ValueError with XGBoost on Multi-Class Dataset: Expected Classes 0-8, Got 0-9

84 views Asked by At

I am encountering a ValueError when running an XGBoost model on a multi-label dataset. The error message is:

ValueError: Expected class labels {0,1,2,3,4,5,6,7,8}, got {0,1,3,4,5,6,7,8,9}

My dataset consists of 500 instances, with labels ranging from 0 to 9, making it a total of 10 classes. The minority class (label 9) has 37 instances. Despite this, I am receiving an error indicating an unexpected class label 9.

I have already tried using different values for cross-validation (3, 5, and 10) without success. Interestingly, other models from sklearn, such as Random Forest and AdaBoost, do not produce this error and work as expected.

Has anyone experienced a similar issue with XGBoost or can identify a possible cause for this error? Any insights or suggestions on how to resolve this would be greatly appreciated.

import xgboost as xgb
from sklearn.model_selection import train_test_split
from sklearn.metrics import accuracy_score

X_train, X_test, y_train, y_test = train_test_split(X, y, test_size=0.2, random_state=42)

model = xgb.XGBClassifier()
model.fit(X_train, y_train)

y_pred = model.predict(X_test)
print(accuracy_score(y_test, y_pred))
1

There are 1 answers

8
Muhammed Yunus On

Two things I would check:

  1. XGBoost requires class labels starting from 0, going up to n_classes - 1.

By default, XGBoost assumes input categories are integers starting from 0 till the number of categories [0, n_categories) [ref]

To check that y meets this format, try print(np.unique(y)) - it should be [0, 1, 2, ..., n_classes - 1].

If not, sklearn.preprocessing.LabelEncoder can map the original y to the appropriate format.

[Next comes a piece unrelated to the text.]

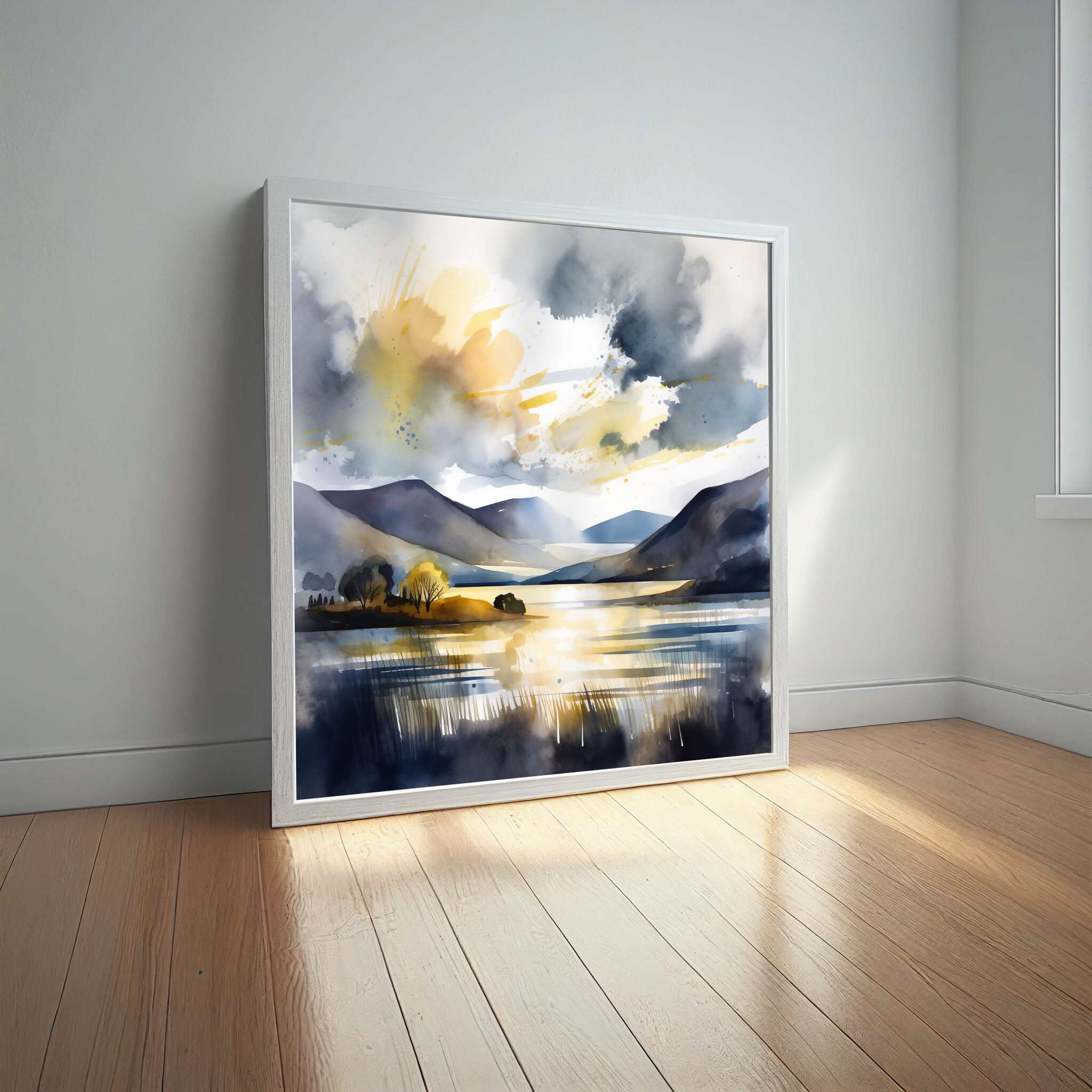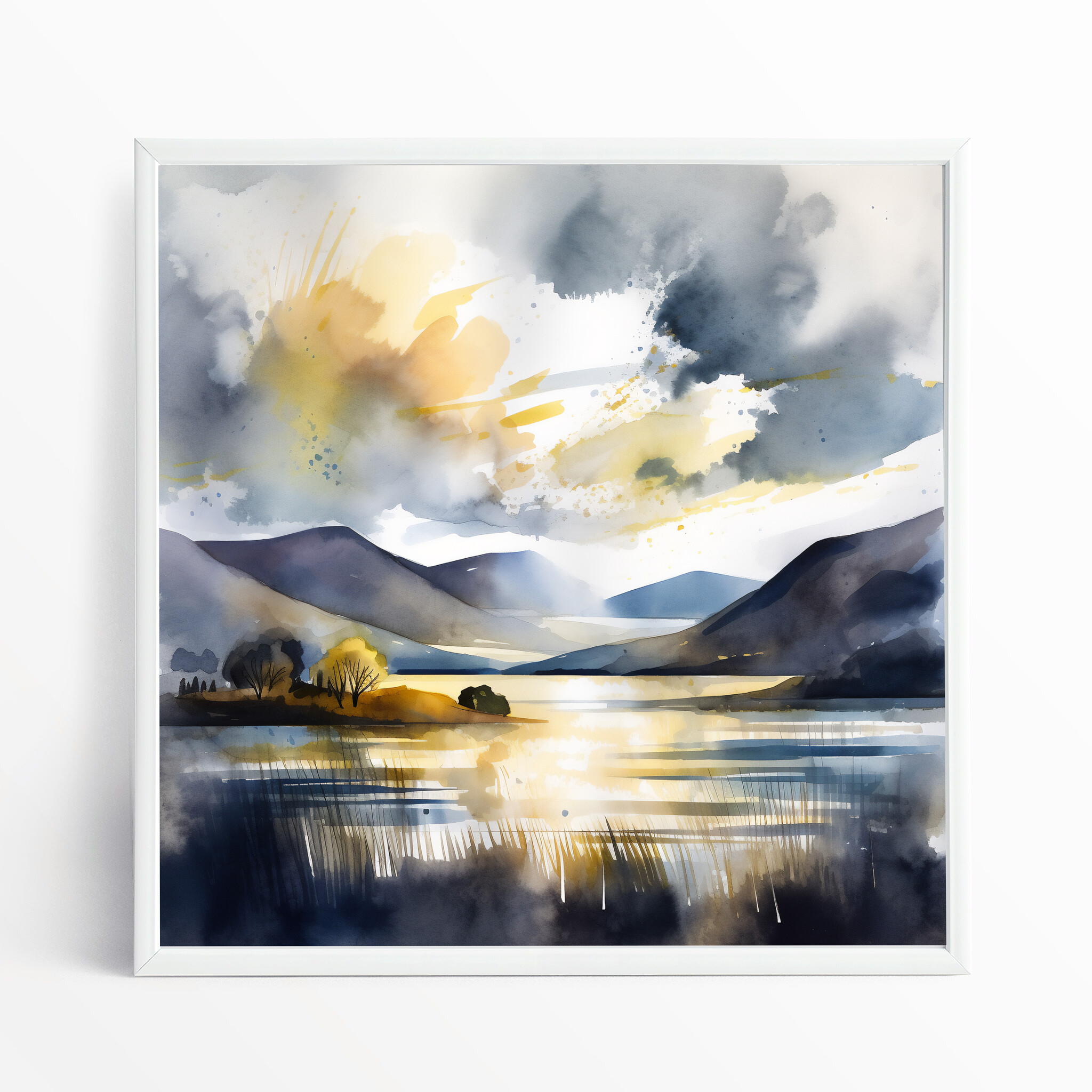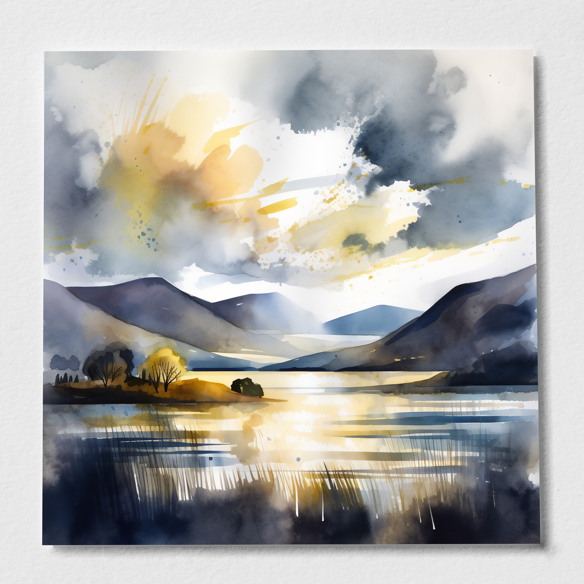 Immerse yourself in the tranquil beauty of Bassenthwaite with this captivating watercolor landscape. The harmonious blend of blue art and gold accents brings the scene to life, capturing the serene essence of this picturesque location. Perfect for any art lover, this piece adds a touch of sophistication and peace to your home decor.

  1. The relatively small dataset size, combined with specifying a test size of 0.2, means that infrequent labels might not appear in the test set.

To enforce sampling from all labels in both splits, try modifying your code to train_test_split(..., stratify=y). Everything as before, but this time ensuring that the test split's label distribution is close to the original, so it won't miss any labels.

I think stratifying is a good idea even if you weren't getting the error (especially when there's imbalance), as it makes the test split's distribution representative of the original dataset rather than having a distribution that has been distorted by the random sampling process.